• Work order
Could you set down exactly the lines of the data below, starting at the one that holds "Sminkbord i äldre" and ending at the one that holds "Percorriamo nuovamente il", both included, and only those?

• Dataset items
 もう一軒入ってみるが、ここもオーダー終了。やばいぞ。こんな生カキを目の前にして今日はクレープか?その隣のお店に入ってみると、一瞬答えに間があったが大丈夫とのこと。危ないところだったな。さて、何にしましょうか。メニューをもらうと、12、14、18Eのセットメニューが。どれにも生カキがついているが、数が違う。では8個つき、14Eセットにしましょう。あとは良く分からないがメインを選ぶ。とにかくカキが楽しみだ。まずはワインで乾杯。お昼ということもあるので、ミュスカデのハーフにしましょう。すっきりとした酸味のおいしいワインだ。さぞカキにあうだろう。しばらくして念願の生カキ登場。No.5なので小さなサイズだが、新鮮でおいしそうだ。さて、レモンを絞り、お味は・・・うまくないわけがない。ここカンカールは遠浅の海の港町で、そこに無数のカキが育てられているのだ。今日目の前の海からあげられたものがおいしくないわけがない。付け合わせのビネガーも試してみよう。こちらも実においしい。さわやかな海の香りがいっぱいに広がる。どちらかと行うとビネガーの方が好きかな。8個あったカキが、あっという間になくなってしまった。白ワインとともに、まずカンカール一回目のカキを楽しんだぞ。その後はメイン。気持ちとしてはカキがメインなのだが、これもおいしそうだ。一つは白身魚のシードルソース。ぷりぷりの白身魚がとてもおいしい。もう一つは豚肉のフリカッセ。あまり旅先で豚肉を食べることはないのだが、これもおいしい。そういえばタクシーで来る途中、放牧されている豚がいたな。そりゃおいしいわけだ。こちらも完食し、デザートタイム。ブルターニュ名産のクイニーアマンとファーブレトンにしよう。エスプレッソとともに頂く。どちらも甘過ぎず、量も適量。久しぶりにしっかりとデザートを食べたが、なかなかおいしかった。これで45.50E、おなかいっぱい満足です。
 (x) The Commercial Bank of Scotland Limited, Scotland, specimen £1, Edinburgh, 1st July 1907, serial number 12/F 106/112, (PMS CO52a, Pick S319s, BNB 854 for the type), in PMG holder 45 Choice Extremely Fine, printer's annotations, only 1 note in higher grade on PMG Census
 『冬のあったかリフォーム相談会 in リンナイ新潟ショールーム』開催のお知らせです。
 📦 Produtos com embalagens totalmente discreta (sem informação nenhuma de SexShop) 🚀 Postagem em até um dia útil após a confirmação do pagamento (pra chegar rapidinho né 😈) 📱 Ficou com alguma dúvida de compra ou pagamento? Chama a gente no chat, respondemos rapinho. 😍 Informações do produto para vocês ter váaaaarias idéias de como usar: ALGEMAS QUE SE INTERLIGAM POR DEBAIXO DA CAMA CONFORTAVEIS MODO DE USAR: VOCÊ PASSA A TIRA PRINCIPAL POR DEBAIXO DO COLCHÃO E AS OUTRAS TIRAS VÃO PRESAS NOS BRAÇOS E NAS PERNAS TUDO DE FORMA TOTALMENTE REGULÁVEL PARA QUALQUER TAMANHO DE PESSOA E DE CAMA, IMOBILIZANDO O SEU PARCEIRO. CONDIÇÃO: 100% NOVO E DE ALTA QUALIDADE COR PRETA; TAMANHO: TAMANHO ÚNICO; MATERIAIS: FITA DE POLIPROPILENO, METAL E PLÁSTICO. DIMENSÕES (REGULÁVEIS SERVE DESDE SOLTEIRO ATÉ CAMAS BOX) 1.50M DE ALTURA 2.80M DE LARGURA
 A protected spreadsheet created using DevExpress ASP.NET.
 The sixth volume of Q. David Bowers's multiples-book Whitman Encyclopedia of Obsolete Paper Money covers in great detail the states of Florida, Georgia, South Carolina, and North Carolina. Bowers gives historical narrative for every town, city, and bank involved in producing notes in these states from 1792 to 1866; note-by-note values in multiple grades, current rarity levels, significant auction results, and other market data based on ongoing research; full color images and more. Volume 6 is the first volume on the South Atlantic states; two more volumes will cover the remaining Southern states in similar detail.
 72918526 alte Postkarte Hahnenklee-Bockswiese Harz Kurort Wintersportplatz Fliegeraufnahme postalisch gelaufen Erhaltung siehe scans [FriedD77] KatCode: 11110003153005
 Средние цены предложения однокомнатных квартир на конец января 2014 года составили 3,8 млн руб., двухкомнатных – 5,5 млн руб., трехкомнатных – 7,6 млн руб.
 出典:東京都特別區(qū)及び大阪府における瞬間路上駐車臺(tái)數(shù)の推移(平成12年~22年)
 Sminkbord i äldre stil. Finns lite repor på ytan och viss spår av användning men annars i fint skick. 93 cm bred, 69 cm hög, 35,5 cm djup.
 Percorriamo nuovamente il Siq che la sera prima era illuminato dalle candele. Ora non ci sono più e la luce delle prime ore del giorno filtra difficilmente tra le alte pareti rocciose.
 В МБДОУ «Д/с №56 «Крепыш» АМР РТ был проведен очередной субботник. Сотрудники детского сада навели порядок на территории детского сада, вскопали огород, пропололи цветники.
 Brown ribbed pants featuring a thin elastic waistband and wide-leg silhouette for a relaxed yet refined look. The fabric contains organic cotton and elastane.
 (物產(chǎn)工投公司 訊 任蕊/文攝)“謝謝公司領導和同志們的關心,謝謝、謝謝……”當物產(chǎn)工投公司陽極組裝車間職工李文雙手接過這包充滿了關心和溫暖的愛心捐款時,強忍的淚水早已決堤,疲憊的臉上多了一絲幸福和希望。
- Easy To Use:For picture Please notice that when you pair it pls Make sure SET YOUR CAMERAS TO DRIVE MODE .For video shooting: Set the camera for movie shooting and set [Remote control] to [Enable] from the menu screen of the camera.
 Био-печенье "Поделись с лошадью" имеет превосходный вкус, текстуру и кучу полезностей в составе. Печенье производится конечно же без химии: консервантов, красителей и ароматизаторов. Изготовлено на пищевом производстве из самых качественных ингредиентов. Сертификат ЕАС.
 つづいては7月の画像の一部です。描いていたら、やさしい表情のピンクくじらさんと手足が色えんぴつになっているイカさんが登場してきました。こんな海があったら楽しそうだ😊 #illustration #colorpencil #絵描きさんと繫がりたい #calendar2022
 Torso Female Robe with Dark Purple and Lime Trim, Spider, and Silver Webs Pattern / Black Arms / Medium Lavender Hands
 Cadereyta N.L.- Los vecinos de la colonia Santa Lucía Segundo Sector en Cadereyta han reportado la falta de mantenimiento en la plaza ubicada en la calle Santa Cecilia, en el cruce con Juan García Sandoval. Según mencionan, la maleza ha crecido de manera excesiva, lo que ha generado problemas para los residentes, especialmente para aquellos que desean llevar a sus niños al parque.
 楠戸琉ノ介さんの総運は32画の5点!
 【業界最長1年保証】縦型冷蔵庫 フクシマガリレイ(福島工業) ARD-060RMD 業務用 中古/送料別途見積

• Response for this exercise
 Sminkbord i äldre stil. Finns lite repor på ytan och viss spår av användning men annars i fint skick. 93 cm bred, 69 cm hög, 35,5 cm djup.
 Percorriamo nuovamente il Siq che la sera prima era illuminato dalle candele. Ora non ci sono più e la luce delle prime ore del giorno filtra difficilmente tra le alte pareti rocciose.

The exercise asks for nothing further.